Unlike security clearances, I am under the impression that positions of public trust are not affected by foreign influence, so your wife's nationality is not an issue (that said, I do know of people with security clearances that have foreign national wives, but they are very closely investigated). I have not been able to find a citation for that with a quick search, so keep that in mind. I don't know if that would go as far as allowing you to have dual nationality. It would be expected that for a security clearance that you renounce your second citizenship.
posted by saeculorum at 7:06 AM on August 19, 2012 [2 favorites]

Here's what I said in a previous thread about clearances:

From what little I know about clearances (in the US), it seems like one huge question they have is, "are you open to blackmail?" Therefore, if you have a gambling addiction, drug addiction, secret penchant for hookers, etc., then you are likely to get turned down not for being a bad person, but for being someone who could get blackmailed. In your case, it seems like being upfront about it right off the bat will help make it clear that you have no problem with your past, and it's not something you feel you need to hush up - therefore, you're not at risk for getting blackmailed.

Basically, don't let your emotions get involved. It's just business. Having this classification isn't really that different from CPR certification or a commercial truck driver's license. It's a piece of paper that lets you do certain things. It's not a referendum on whether you're a good person, whether you made good financial decisions, married the right person, etc.

As you fill out your application, look at it from the perspective of the investigator. If you end up being a spy, thief, or psychopath, is the investigator going to get in trouble? Is the Washington Post going to be running op-eds asking "what idiot let THAT loose cannon through?"

I think things they really care about are:
* Does this person have debt that will make him/her tempted to steal or do other bad things?
* Does this person have vices that will create debt (see above)?
* Does this person have foreign connections will tempt him/her to pass on information?
* Does this person have secrets that make him/her vulnerable to blackmail?

So debt, vices, foreign connections and secrets per se are not dealbreakers. But you should be very explicit about why your situation does not make you a threat to security. Debt that you have a plan to pay off is very different from debt stemming from an untreated and ongoing gambling addiction.

The only thing that looks like a possible dealbreaker is the dual citizenship and having a foreign passport.
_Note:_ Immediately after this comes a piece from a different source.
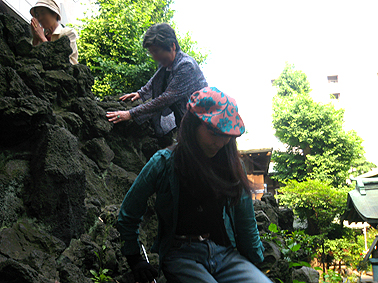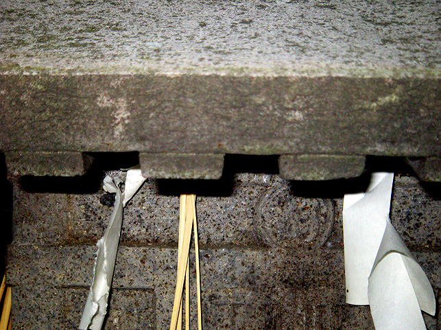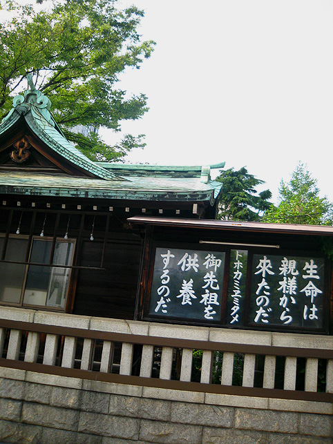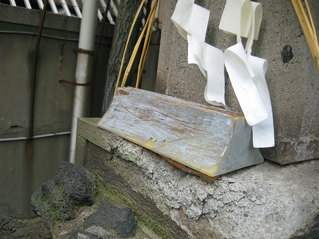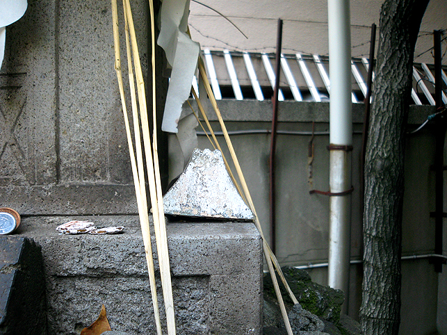 中央区にあるただひとつの富士塚、鉄砲洲富士はこんなに急勾配です。 平均45°ですが、場所によっては60°くらいありそうです。 山は、登るよりも下りるほうが困難ですね。ここに何度も訪れている私でもヨタヨタであります♪ さて、頂上にある奥宮です。 今まで気づかなかったふたつのこと。 屋根のすぐ下に見えるのは丸藤講の紋。 そして祠の台座にあった富士山型の物体! ↓左 ↓右 半透明の合成樹脂に白いマットな塗料を塗った感じです。 何でしょう?何でしょう? 明らかにどこかの装飾に使われていたものだとわかりますが。。。 う〜ん。う〜ん。神社に問い合わせようかと思いましたが、顔見知りの宮司さんが不在だったのであきらめました。でも、ナゾが増えると楽しみも増える♪ 楽しみはとっておきましょう。 鉄砲洲稲荷神社を出ると、こんなメッセージが飛び込んで来ます。 はい。親様ご先祖様には、この命をいただきまして本当に感謝しております! それは、富士山信仰の原点でもあるのです。 しかし、トホカミエミタメ(遠神恵賜/吐菩加美依身多女/吐普加身依身多女)は、呪詞であり祓詞であり。。。アマテラスオホミカミと並んで、復古神道のための言霊でもあるそうです。“鎮魂行法”として「鎮魂」状態に入るための言葉とも言われますし、また、森羅万象をあらわしているとも言われます。とすれば、富士講の教典にも通じるところがありますね。(調べてみます!) ★★★★★★★★★★★★★★★★★★★★★★★★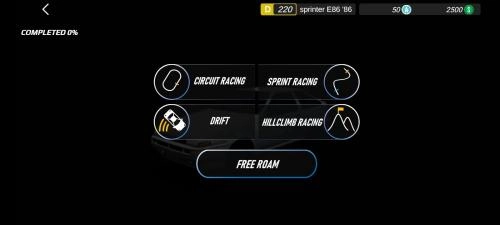 3、登录完成后,可看到包括赛车、短跑、漂移和爬坡比赛等游戏模式,玩家可自行选择体验,这里以赛车模式为例。

How important is the passport to you? And how valuable is having the classification? In some areas / industries having a security clearance means it's easier to get jobs and you get paid more. I don't know how it is in your industry, but you might want to choose the Position of Public Trust classification over the passport at this point in your career.
posted by selfmedicating at 11:10 AM on August 19, 2012

I don't know much about positions of public trust, but I do know a little about security clearances and will echo what saeculorum said, repeating it for emphasis:

Whatever you do, do not lie, misstate, gloss over, falsify, evade, misrepresent, distract, deceive, or perjure yourself on the question form.

I don't think we know enough to say whether or not your background will raise any red flags, but I can tell you that misrepresenting yourself is about the worst possible thing you can do during a background investigation. Being honest about your past financial difficulties and what you're doing to resolve them is the best thing you can do.

I wouldn't think being married to a non-US citizen would be a show-stopper (although it might warrant closer investigation), but having dual citizenship could cause issues (at least if this were security clearance; I don't know if this also holds true for a public trust clearance).